Manganese overexposure: Unveiling its neurotoxic potential and involvement in pathogenesis of Parkinson's disease

Background

The modern era has brought increased availability of luxurious goods and conveniences, but manufacturing processes of metals and chemicals, including manganese (Mn), pose health risks. Overexposure of Mn is toxic, leading to neurodegenerative diseases like Parkinson’s disease (PD) which is characterized by dopaminergic neuronal loss. This study aims to investigates the neurotoxic effects of Mn alone and in combination with rotenone in PD-like pathology.

Material and methods

Male Wistar rats were treated with manganese chloride (MnCl₂; 15 mg/kg, i.p.) for 28 days.

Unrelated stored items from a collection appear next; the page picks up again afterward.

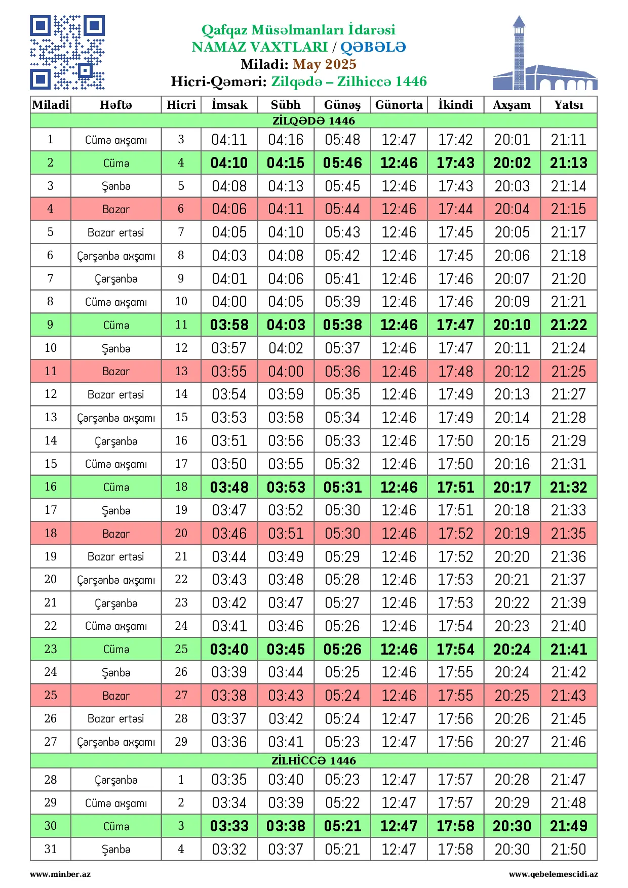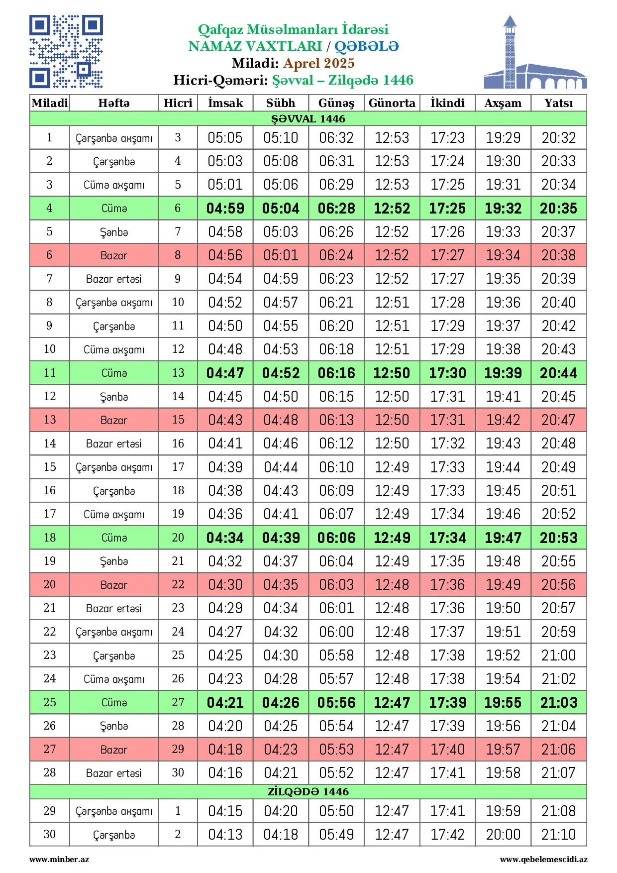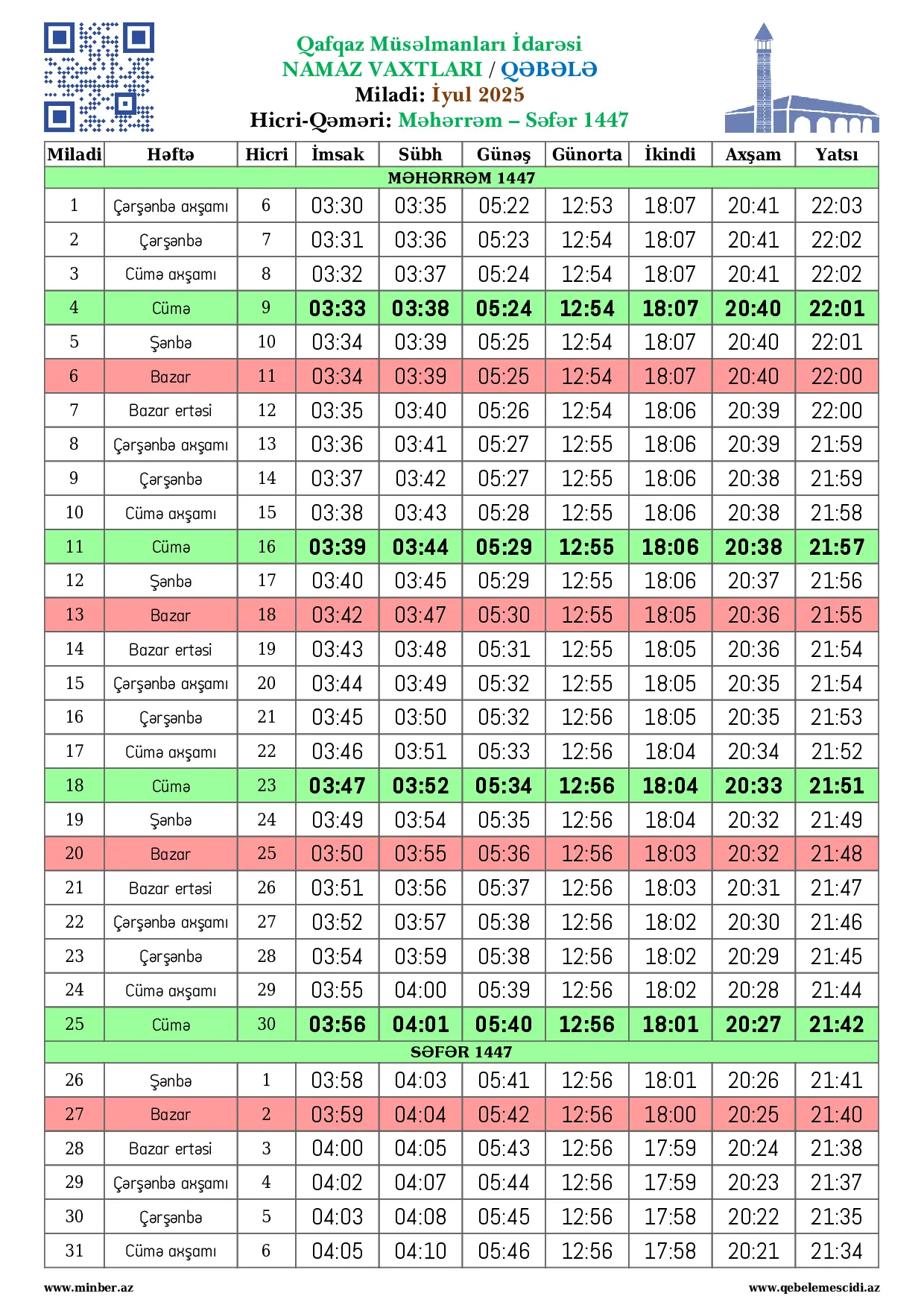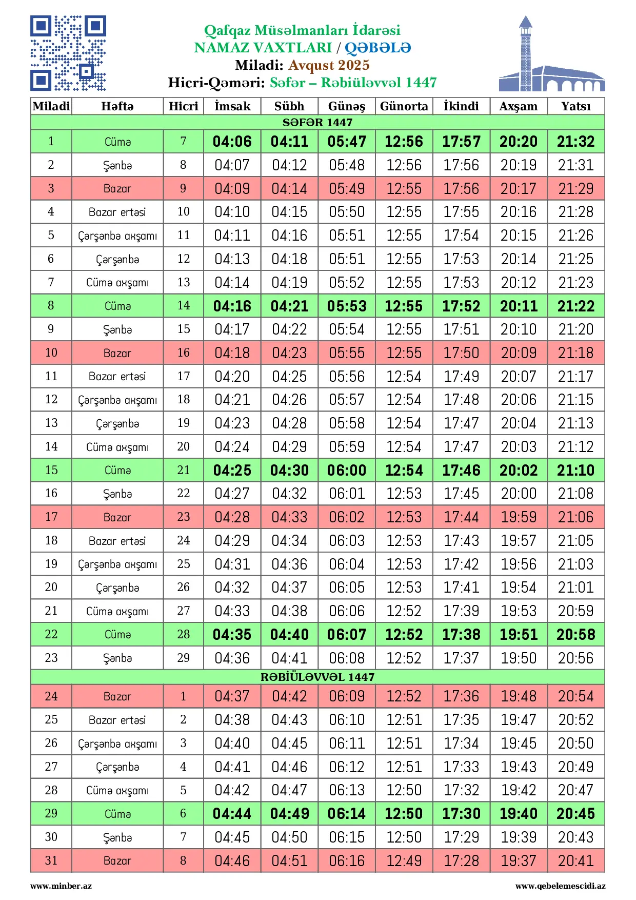 | 17 Noyabr 2025 | Bazar ertəsi | 26 Cəmadiyələvvəl 1447 | 06:09 | 06:14 | 07:39 | 12:34 | 15:49 | 17:45 | 18:49 |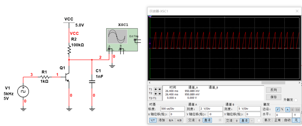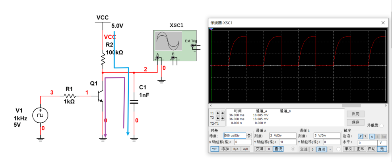 可以看到上升沿变得很缓慢,因为在三极管截止时,上升沿的爬升,是通过蓝色路径,通过R2上拉电阻去给电容充电的,所以上升沿变得极其缓慢。但是三极管导通时,是通过三极管直接进行放电的,所以下降沿不是很缓慢的。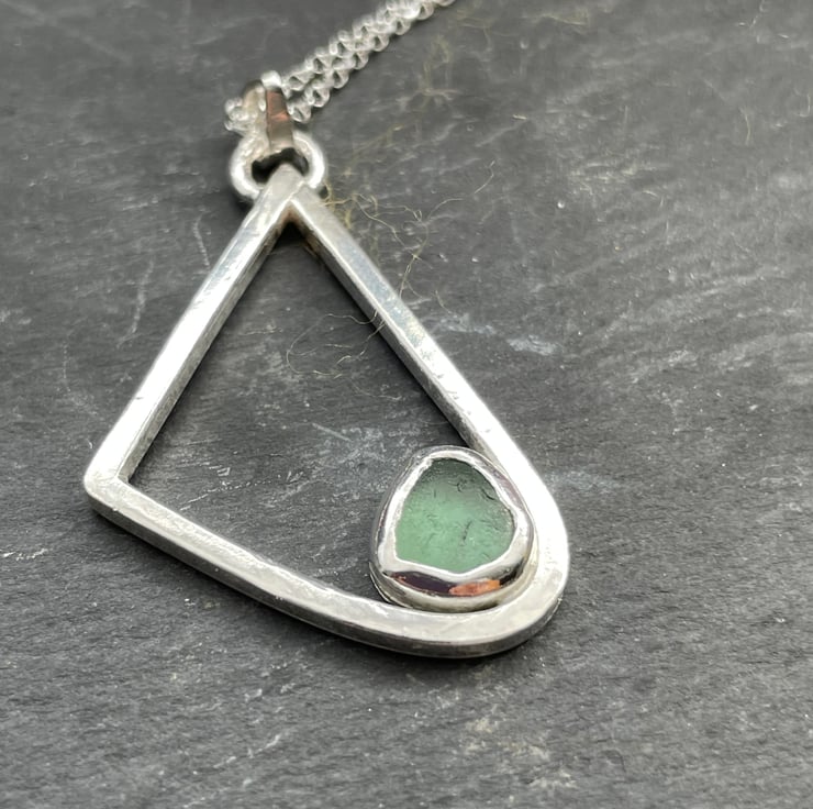 A beautiful piece of organically shaped sea glass collected from our local beach has been hand set in a fine silver bezel with a sterling silver back.

Motor coordination and grip strength were assessed using the strength glass chamber test and string test, respectively. Oxidative stress markers malondialdehyde (MDA) and lactate dehydrogenase (LDH) were measured. Inflammatory marker interleukin-6 (IL-6) and apoptotic marker caspase-3 were quantified using ELISA. Dopamine and glutamate levels were analysed in brain homogenates via reversed-phase high-performance liquid chromatography (RP-HPLC).

Results

MnCl₂ exposure significantly impaired motor coordination and grip strength. Oxidative stress markers (MDA and LDH) and IL-6 levels were markedly elevated in MnCl₂-treated rats compared to controls (p < 0.05). Apoptosis was evident with increased caspase-3 levels (p < 0.05). Neurotransmitter analysis revealed reduced dopamine and elevated glutamate concentrations (p < 0.05). Notably, combining MnCl2 with lower dose of rotenone successfully mimicked PD-like pathology.

Conclusion

Chronic Mn exposure induces oxidative stress, inflammation, and neurotransmitter dysregulation, mimicking Parkinsonian neurotoxicity. This study highlights MnCl₂ as a safer alternative to high-dose rotenone for inducing PD-like symptoms for preclinical PD research. The findings underscore the health risks associated with Mn overexposure and its critical role in PD pathogenesis.